I want to run it in parallel environment.
My questions are:
1. What should be the n_jobs value, 8 or (8*4=) 32 ?
(I know I can specify n_jobs=-1 but due to some technical reasons, I want
to know how many jobs GridSearchCV will start.)

2. If I use the classifier such as RandomForestClassifier where 'n_jobs'
can be specified, will it make any difference if I specify "n_jobs" at the
classifier level also-

clf = RandomForestClassifier(n_jobs=-1)
grid_search = GridSearchCV(clf, param_grid, n_jobs = -1)

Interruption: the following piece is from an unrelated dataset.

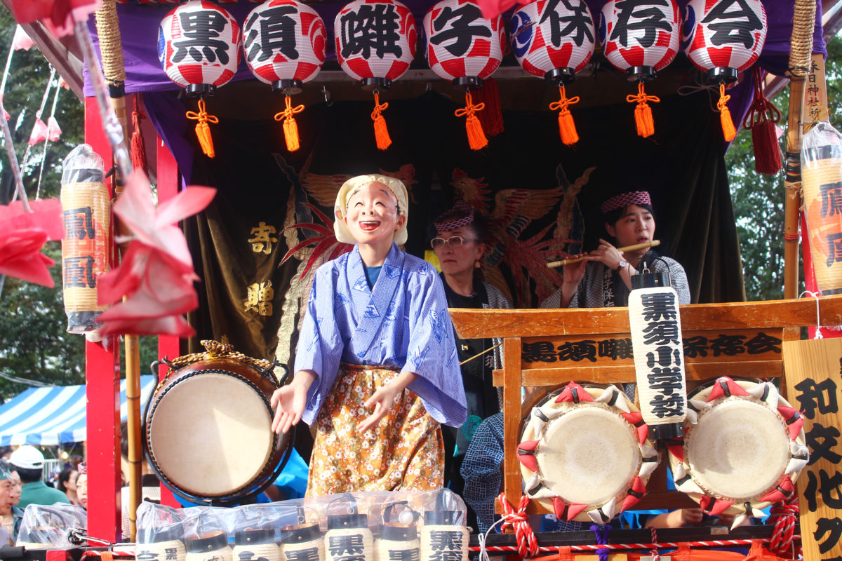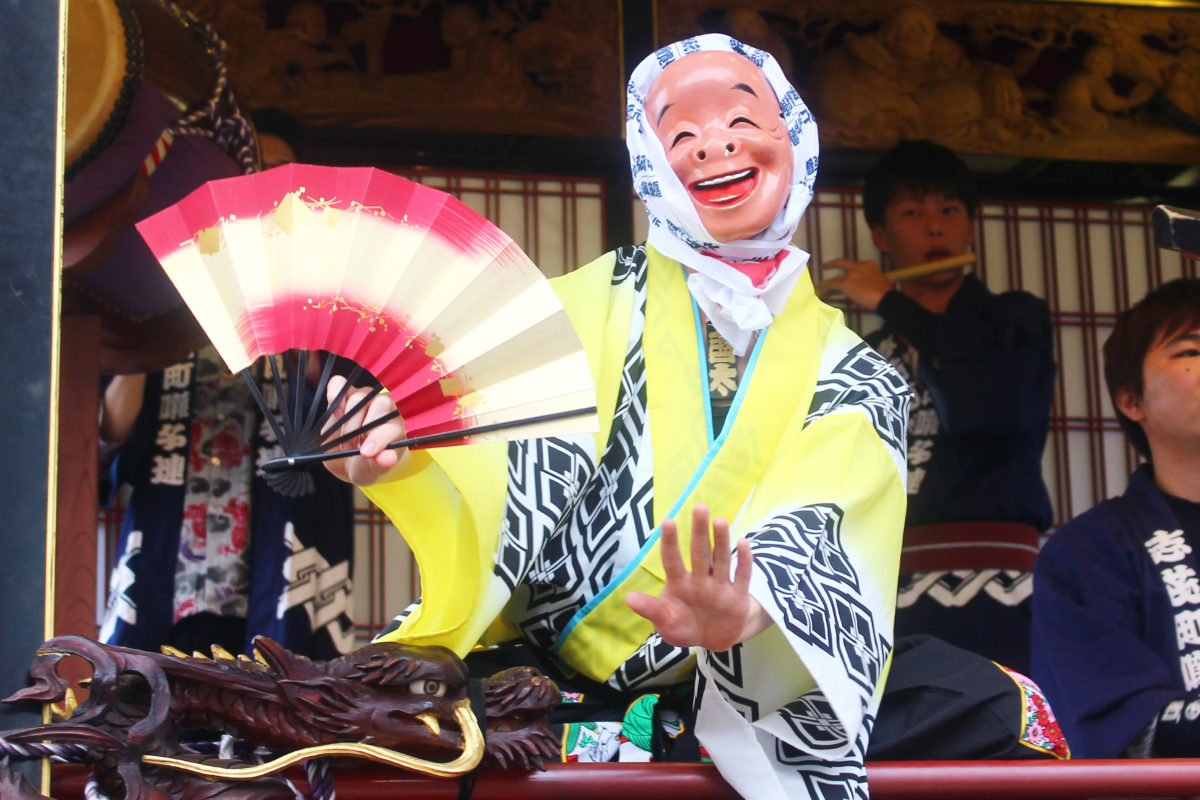 たくさんの山車・屋台がお祭りへ出ています。こちらは屋台で演武を行う翁です!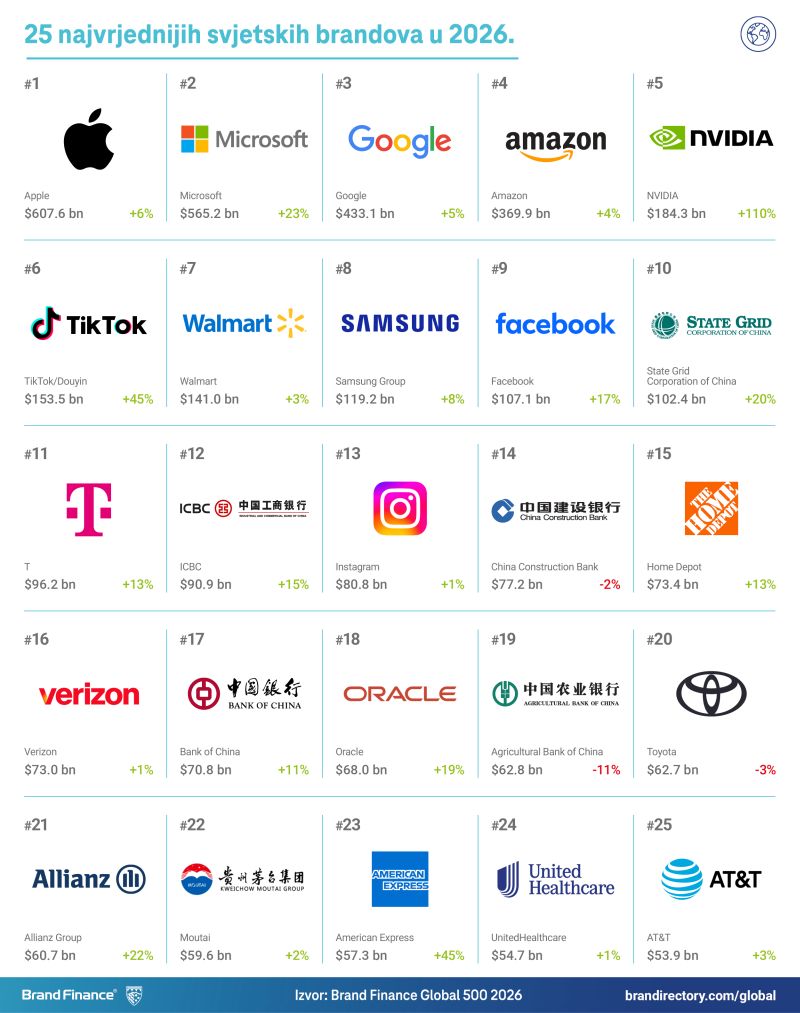Američki tehnološki brendovi nastavljaju dominirati među prvih 10 na listi Brand Finance Global 500 u 2026. godini, potvrđujući prednost razmjera i globalni doseg najvećih svjetskih digitalnih ekosistema.

Will this be faster compare to GridSearchCV(RandomForestClassifier() ) ?

Thanks

--

Sheila

Mr Samuel Hames

2014-08-21 10:46:54 UTC

Permalink

Hi,

1. The n_jobs parameter controls the number of physical processes started in parallel. It should be set depending on the

number of cpu cores available on your machine, independent of the type of or size of the CV search you are trying to

run. On a typical desktop machine with four cores this might be n_jobs = 4.

2. n_jobs should really only be set in one of those places. If you were to set (for example) n_jobs = 4 in CV and RandomForest,

you would end up with 16 distinct processes competing for a much smaller number of physical cores, potentially making it

slower rather than faster as all of the processes compete with each other.

Hope this helps,

Sam

________________________________
From: Sheila the angel <***@gmail.com>
Sent: Thursday, 21 August 2014 8:32 PM
To: scikit-learn-***@lists.sourceforge.net
Subject: [Scikit-learn-general] optimal n_jobs in GridSearchCV

Hi,
Using GridSearchCV, I am trying to optimize two parameters values.
In total, I have 8 parameter combinations and doing 4 fold cross validation.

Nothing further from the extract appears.